In the rapidly digitalizing world, it is of utmost importance that children are introduced to Computational Thinking (CT) from an early age. Our work explores incorporating CT into a natural sciences lesson using the Calliope Mini. Through an experiential workshop, we observed the potential benefits of this approach. From fostering creativity and collaboration to improving digital literacy, and graph reading skills, the combination of CT with natural sciences opened up new avenues of learning. We believe our workshop plays a part in demystifying the notion of technology being an enigmatic black box, providing the first steps towards enabling children to comprehend and participate in the digital world around them.

It is crucial to acknowledge that the successful execution of the workshop hinges on the presence of technical and educational prerequisites. Stable internet access, availability of sufficient technical support, and teachers’ openness to engaging with new technologies are all vital factors. Through this experience, we have found that even in failure, there are lessons to be learned and opportunities for refining our promising methodology.

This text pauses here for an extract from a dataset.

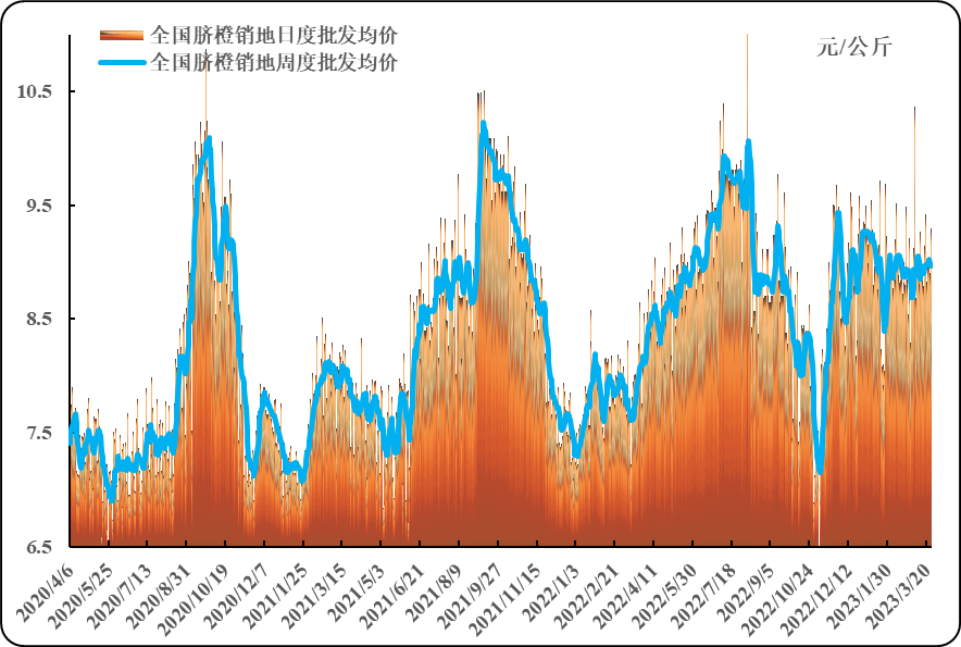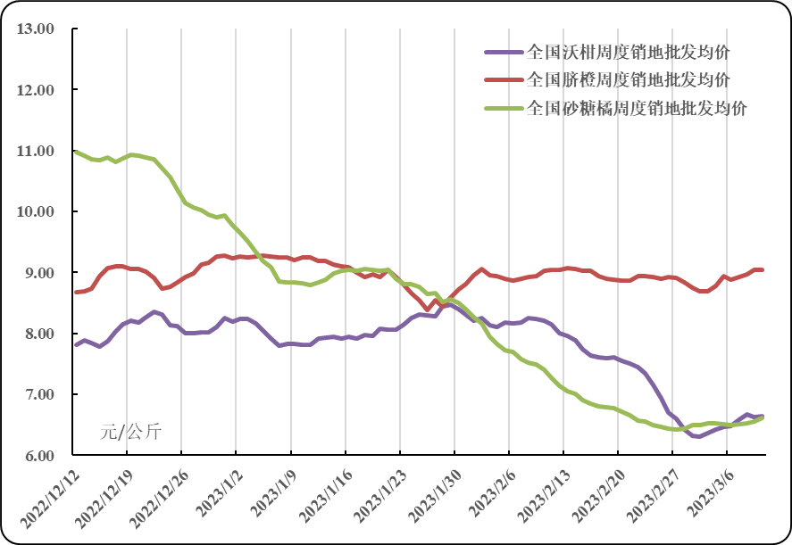 图5.2022/2023年度国内脐橙及其竞品销地批发周度均线走势图
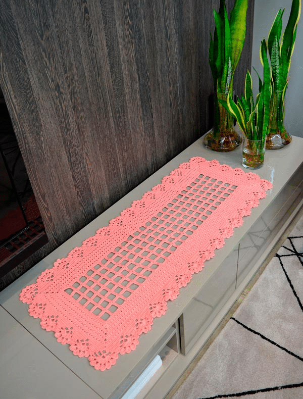 Antes de mais nada, vamos falar sobre o crochê! É uma técnica que nunca sai de moda e sempre adiciona um toque de aconchego aos espaços. E quando combinado com a tonalidade suave do salmão, o resultado é simplesmente deslumbrante! O trilho de mesa em crochê salmão é perfeito para quem busca um toque de cor sem exageros, mantendo a sofisticação na medida certa.

We plan on exploring further possibilities to limit the dependencies on connectivity. As part of our project GeNIUS, we are working on modifying the workshop to be a lessons series, able to be conducted in schools solely by teachers. We plan on evaluating the success rate and further dependencies in German schools.

Our outlook is to conceptualize further lessons on other topics, taking into account also biology and chemistry. The main goal of the project is to evaluate the conditions that need to be met in order to successfully integrate CS concepts into natural science lessons. We furthermore plan on evaluating the learning effects of CT and of the respective natural science fields for each lesson series. This will be done on a wider test group, including both students and teachers. Furthermore, we are preparing a training specifically for natural science teachers, in order to show how CS concepts are an essential part of the natural sciences and, also, to teach them how to use micro-controllers. We hope that one day these lessons can be integrated as part of the natural science curriculum in schools.

We also hope that our insights will spur further research, propelling our education systems into a future where digital technologies and algorithmic thinking skills are seamlessly integrated.